3.3. Con un terzo motivo, deduce il vizio di erronea applicazione della legge penale, in relazione agli artt. 416-bis cod. pen. e 274 e 275 cod. proc. pen.
Sostiene che le esigenze cautelari non sarebbero attuali, atteso che: la «condotta del NOME NOME oggetto di contestazione si sarebbe consumata solo
nell’anno 2018»; «l’associazione mafiosa oggetto di contestazione risulta collocata temporalmente dal gennaio 2018 al novembre del 2021».
CONSIDERATO IN DIRITTO
Il ricorso deve essere parzialmente accolto, essendo fondati il primo motivo del ricorso originario e il primo motivo aggiunto.
1.2. Il primo motivo del ricorso originario e il primo motivo aggiunto – che possono essere trattati congiuntamente, proponendo sostanzialmente le medesime questioni – sono fondati, nella parte in cui censurano la motivazione del provvedimento impugnato.
Il Tribunale del riesame, invero, si è limitato a indicare una serie di conversazioni, sostenendo che da esse emergerebbe «l’intensità dei rapporti intrattenuti dal NOME con i vertici associativi» e la messa a disposizione dell’RAGIONE_SOCIALE dell’indagato al servizio del sodalizio criminoso.
La motivazione, nella parte relativa al reato in questione, è meramente assertiva, in quanto il Tribunale non riporta il contenuto di tali conversazioni, almeno nei passaggi di maggiore rilevanza, né li riassume in maniera significativa.
Manca soprattutto l’enucleazione dalle conversazioni di quegli elementi di fatto che dovrebbero poi portare a integrare gli elementi costitui:ivi della fattispecie astratta.
Viene meno, in tal modo, la funzione precipua della motivazione, quella, cioè, di dare conto delle ragioni dell’adozione della decisione. Sul punto, la motivazione è meramente apparente, giacché vi è solo l’indicazione delle fonti di prova e l’apodittica affermazione della valenza dimostrativa di esse (Sez. 3, n. 49168 del 13/10/2015 Rv. 265322, Sez. 5, n. 24862 del 19/05/2010 Rv. 247682), mentre è assente un effettivo ragionamento probatorio.
1.2. Il secondo motivo del ricorso originario e il secondo motivo aggiunto che possono essere trattati congiuntamente, proponendo sostanzialmente le medesime questioni – sono infondati.
Il Tribunale ha ricostruito l’episodio di cui al capo 75 e la partecipazione attiva del ricorrente alla sua consumazione non certo sulla base della collocazione geografica degli interlocutori, bensì sul contenuto delle conversazioni intercettate -che, in relazione a tale reato, sono state riportate e analiticamente valutate (cfr., in particolare, le pagine 3 e 4 dell’ordinanza impugnata)-, dalle quali emergono la presenza dei rei nello stesso contesto e le istruzioni fornite all’indagato circa le modalità di restituzione dell’auto rubata, da consegnare solo a seguito della riscossione della somma di denaro da parte della vittima (cfr. pagina 4
dell’ordinanza impugnata). Nello stesso contesto, il Tribunale ha già preso posizione, con motivazione tutt’altro che illogica, circa l’argomento difensivo secondo il quale l’interessamento del ricorrente alla vicenda sarebbe stato dettato da ragioni solidaristiche: conclusione ragionevolmente esclusa sulla base dei compiti a lui devoluti (anche in ordine alla pretesa economica) e della decisione di rivolgersi, per il recupero dell’auto rubata, ai capi-cosca. Sul punto, dunque, il motivo di ricorso è pure privo di specificità estrinseca, perché omette un confronto critico con la motivazione del provvedimento impugnato.

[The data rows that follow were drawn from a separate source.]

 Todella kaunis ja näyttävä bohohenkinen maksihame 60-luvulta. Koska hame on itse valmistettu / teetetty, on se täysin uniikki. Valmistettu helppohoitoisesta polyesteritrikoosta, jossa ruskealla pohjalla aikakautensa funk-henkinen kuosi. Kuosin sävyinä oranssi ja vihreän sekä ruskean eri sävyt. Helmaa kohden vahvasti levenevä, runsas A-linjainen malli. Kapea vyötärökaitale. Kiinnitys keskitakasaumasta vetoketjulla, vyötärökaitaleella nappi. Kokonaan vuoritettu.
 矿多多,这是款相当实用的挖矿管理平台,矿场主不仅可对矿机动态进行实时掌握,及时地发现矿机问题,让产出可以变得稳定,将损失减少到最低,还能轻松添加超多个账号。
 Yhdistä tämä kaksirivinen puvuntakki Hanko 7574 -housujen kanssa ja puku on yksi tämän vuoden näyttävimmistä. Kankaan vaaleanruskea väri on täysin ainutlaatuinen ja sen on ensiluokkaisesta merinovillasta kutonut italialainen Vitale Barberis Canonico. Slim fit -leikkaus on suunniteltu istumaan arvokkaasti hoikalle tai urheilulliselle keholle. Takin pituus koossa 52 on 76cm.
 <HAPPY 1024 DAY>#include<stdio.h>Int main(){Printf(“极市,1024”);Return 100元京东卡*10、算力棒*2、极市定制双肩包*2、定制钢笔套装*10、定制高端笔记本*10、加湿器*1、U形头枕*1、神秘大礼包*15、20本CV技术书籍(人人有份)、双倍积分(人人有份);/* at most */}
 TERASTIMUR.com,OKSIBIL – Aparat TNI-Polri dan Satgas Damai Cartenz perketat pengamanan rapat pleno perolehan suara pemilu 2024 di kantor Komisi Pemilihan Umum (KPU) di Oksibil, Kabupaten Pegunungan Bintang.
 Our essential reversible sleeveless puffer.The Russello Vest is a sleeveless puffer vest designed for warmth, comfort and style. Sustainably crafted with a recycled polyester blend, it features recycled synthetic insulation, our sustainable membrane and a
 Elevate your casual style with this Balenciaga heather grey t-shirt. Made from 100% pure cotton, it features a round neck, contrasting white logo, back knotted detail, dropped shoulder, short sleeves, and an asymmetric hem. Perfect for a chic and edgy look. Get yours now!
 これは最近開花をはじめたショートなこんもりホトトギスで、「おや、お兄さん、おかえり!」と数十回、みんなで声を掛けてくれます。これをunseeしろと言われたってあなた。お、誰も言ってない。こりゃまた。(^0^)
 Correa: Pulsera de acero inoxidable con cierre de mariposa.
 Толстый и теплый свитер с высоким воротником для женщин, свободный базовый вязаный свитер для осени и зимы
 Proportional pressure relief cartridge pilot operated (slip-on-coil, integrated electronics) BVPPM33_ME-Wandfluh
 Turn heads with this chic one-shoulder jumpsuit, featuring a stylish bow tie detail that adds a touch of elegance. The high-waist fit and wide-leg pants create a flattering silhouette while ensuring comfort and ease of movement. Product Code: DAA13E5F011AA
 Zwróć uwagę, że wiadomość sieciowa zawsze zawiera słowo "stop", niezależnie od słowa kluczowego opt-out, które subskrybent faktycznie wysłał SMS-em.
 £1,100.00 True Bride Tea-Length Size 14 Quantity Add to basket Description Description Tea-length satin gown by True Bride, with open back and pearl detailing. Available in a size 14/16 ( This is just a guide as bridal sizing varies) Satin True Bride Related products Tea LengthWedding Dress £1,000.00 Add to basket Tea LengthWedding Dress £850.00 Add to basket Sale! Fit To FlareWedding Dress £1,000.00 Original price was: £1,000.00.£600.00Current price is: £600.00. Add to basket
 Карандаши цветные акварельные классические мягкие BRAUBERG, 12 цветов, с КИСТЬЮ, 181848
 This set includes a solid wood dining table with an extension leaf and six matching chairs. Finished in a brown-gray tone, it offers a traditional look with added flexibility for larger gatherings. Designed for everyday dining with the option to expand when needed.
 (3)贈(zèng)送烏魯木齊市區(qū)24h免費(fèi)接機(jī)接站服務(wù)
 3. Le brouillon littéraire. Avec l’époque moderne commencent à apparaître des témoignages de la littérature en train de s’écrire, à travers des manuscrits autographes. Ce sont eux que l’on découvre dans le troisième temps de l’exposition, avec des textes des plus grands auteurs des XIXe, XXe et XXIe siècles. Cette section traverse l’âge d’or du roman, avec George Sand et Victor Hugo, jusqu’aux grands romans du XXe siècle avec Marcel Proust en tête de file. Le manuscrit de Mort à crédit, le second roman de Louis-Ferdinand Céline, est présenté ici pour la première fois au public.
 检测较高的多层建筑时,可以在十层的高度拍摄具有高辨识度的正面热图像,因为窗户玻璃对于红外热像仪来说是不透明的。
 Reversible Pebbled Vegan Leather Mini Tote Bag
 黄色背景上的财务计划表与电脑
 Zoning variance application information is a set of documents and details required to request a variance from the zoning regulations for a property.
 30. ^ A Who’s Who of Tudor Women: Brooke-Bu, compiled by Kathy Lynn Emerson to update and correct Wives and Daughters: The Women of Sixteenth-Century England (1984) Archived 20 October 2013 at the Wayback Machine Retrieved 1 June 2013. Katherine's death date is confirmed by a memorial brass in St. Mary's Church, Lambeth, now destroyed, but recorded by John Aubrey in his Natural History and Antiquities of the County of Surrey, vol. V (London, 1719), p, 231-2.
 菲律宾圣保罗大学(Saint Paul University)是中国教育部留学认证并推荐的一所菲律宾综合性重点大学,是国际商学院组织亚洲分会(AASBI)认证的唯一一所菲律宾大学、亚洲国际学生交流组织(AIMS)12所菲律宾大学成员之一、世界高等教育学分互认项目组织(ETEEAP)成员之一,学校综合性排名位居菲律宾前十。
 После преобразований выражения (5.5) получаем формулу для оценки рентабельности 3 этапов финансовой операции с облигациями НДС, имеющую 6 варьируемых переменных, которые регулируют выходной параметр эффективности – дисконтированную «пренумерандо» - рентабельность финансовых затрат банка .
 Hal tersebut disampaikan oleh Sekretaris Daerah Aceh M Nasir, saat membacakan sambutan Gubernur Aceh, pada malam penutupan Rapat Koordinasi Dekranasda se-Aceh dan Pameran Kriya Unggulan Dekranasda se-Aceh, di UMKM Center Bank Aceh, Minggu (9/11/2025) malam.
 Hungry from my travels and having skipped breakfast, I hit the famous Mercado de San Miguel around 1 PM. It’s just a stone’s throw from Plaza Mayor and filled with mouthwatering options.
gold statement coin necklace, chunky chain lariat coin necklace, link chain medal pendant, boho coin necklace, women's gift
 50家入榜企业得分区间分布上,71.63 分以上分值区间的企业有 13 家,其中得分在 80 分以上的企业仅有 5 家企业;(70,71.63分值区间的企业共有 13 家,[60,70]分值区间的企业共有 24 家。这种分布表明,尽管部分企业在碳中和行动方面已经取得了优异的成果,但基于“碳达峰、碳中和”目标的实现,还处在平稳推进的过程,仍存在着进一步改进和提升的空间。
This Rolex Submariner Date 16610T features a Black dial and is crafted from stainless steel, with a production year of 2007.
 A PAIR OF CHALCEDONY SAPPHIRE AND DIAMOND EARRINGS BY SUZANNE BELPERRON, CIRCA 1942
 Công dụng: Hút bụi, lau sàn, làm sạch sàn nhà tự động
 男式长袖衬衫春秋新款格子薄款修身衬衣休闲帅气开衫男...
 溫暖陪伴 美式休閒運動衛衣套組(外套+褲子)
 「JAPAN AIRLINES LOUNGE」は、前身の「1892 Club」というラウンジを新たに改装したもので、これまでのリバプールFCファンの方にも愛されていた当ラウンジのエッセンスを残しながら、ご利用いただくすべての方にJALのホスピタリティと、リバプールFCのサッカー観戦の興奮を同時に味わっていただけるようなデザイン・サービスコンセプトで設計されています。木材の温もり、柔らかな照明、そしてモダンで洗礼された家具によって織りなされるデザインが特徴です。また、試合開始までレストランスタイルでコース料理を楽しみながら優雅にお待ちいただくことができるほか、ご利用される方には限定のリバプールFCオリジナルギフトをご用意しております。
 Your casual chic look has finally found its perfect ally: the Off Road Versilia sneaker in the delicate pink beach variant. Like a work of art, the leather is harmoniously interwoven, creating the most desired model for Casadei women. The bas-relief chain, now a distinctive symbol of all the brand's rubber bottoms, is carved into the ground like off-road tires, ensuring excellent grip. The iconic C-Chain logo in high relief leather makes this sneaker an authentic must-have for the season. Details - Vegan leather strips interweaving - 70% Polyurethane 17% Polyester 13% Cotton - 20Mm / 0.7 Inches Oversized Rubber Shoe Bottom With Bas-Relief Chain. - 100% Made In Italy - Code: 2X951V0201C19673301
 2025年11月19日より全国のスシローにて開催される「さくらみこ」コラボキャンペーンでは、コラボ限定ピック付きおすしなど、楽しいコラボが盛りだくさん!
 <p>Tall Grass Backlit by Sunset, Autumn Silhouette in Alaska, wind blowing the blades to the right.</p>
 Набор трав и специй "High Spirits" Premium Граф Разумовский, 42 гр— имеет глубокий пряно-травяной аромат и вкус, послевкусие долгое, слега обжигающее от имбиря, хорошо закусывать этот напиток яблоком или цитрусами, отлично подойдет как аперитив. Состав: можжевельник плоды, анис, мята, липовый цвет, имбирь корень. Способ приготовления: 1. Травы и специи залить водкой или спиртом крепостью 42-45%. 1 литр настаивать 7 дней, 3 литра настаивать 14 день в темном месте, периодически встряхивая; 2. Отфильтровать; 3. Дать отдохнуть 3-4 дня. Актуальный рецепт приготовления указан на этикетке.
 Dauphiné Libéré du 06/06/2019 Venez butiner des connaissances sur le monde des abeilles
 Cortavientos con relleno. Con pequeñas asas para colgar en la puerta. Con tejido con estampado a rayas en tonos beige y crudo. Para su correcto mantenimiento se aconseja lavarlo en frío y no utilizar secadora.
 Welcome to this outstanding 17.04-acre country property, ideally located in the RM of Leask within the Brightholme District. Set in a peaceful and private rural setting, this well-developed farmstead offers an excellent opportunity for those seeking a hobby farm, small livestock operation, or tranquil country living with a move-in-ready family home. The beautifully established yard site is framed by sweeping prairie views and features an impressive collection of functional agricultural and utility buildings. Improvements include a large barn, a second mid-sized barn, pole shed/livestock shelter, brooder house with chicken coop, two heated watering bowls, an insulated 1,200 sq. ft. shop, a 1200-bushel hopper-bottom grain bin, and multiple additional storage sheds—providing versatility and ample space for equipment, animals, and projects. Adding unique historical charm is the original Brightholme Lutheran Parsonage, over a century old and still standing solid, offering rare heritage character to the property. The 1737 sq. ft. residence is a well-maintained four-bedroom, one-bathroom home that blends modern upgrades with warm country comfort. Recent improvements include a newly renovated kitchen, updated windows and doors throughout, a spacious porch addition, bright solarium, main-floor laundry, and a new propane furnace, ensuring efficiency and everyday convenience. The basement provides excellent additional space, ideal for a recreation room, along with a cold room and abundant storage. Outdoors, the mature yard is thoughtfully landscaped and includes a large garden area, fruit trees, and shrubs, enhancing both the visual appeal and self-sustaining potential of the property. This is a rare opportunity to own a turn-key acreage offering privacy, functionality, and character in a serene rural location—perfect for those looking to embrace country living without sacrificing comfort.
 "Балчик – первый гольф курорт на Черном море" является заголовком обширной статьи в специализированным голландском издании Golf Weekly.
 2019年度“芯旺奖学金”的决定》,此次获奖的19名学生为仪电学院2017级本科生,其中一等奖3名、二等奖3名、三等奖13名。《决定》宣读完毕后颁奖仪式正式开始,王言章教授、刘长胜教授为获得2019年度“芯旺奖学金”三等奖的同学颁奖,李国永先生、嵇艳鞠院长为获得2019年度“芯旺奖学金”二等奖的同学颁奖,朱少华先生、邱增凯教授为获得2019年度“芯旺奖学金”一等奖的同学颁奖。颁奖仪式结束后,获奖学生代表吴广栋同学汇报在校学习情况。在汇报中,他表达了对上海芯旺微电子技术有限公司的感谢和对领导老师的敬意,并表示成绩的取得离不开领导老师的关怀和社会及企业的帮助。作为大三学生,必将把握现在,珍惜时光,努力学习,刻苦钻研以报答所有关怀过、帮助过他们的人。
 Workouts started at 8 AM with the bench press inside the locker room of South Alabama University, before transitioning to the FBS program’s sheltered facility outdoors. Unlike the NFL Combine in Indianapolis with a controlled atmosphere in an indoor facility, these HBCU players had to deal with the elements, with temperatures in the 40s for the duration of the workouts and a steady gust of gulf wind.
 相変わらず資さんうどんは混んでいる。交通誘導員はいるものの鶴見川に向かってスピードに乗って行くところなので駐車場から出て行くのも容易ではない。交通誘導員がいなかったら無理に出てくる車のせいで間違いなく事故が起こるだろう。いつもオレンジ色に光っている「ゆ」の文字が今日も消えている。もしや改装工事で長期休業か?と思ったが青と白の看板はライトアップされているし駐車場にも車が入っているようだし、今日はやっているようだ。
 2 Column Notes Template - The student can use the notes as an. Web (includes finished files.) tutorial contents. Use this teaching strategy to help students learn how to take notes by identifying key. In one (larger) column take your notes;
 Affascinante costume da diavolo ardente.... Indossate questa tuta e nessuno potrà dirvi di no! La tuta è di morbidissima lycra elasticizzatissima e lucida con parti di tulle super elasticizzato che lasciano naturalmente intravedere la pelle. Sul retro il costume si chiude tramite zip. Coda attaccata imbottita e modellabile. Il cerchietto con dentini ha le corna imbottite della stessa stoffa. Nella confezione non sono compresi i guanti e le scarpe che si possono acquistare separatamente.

Infine, va esente da censura la motivazione del Tribunale sull’aggravante di cui all’art. 416-bis.1 cod. pen., che, peraltro, è solo genericamente censurata dal ricorrente. Come il Tribunale ha correttamente evidenziato (cfr. pagina 4 dell’impugnata ordinanza), l’aggravante è ravvisabile in quanto la vittima è stata indotta a pagare in ragione dell’intervento della cosca, con suoi esponenti di primo piano; mentre il ricorrente, partecipe delle conversazioni nelle quali si discuteva circa la somma da estorcere e circa la sua destinazione, ha dimostrato consapevolezza di agevolare il sodalizio.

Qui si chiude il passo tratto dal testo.